Summarize long email threads

A 40-message email thread is one of the most reliable ways to lose a decision. The decision is in there somewhere — probably between the third and fourth reply, before the side-tangent about scheduling, after the bit where someone said “let’s circle back.” Anyone joining mid-thread is lost. Anyone returning from vacation is lost. Anyone trying to write the follow-up two months later is definitely lost.

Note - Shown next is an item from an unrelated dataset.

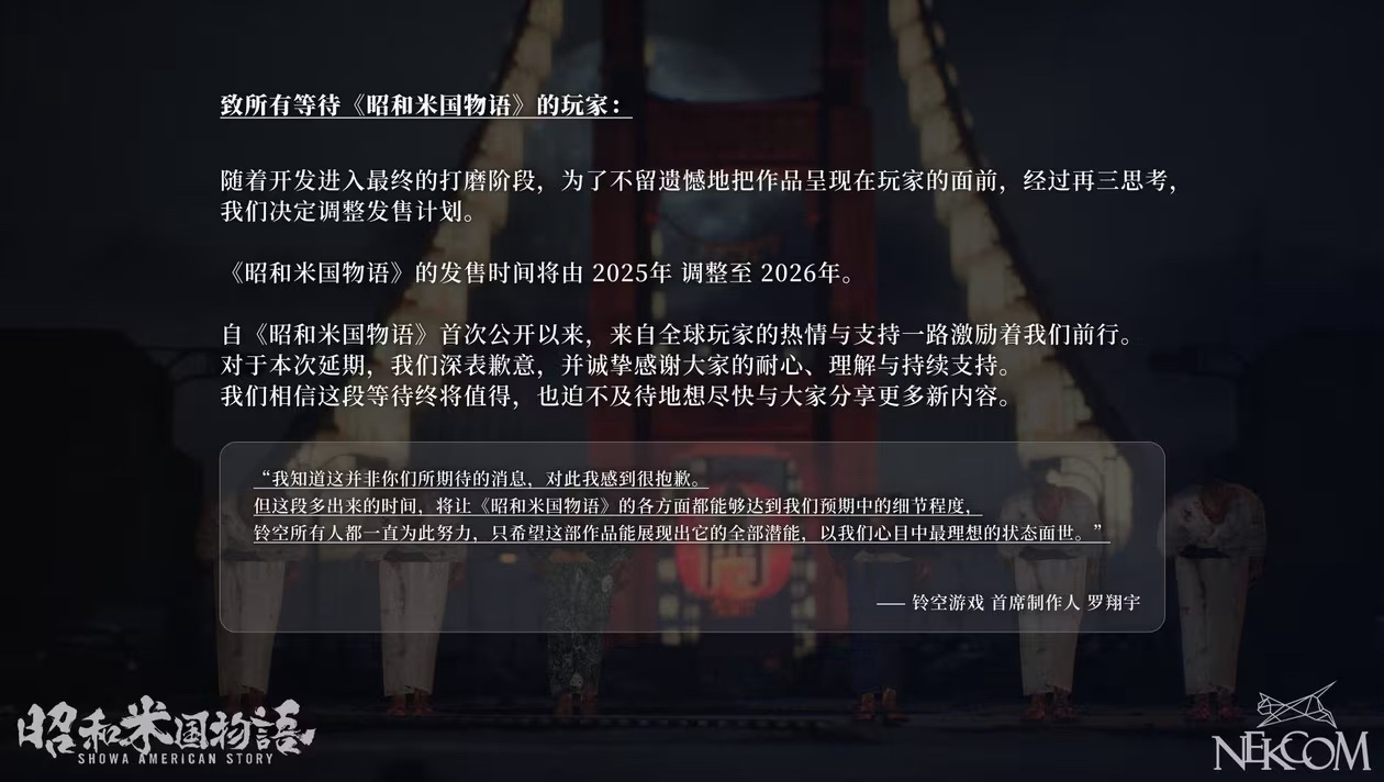 今日,铃空游戏官方宣布《昭和米国物语》延期至2026年发售(原定2025年第四季度)。官方表示随着开发进入最终的打磨阶段,为了不留遗憾地把作品呈现在玩家的面前,经过再三思考,决定调整发售计划。

AI summaries promise to fix this. Most of them produce wallpaper — a polite narrative paragraph that mentions everyone, attributes nothing precisely, and leaves the action items implied. This piece is the workflow that produces summaries people actually use: structured, attributed, surfacing the dissent rather than smoothing over it, with action items that have owners and dates.

When to use

Where this fits — and where it doesn't

Use this if the thread is informational or coordinative — project updates, vendor discussions, internal planning, scheduling tangles, post-mortems. Anywhere the value of the thread is “what did we decide and who’s doing what” rather than the specific phrasing of the conversation, AI summarisation works. Best applied to threads with 10+ messages where the cost of re-reading is non-trivial.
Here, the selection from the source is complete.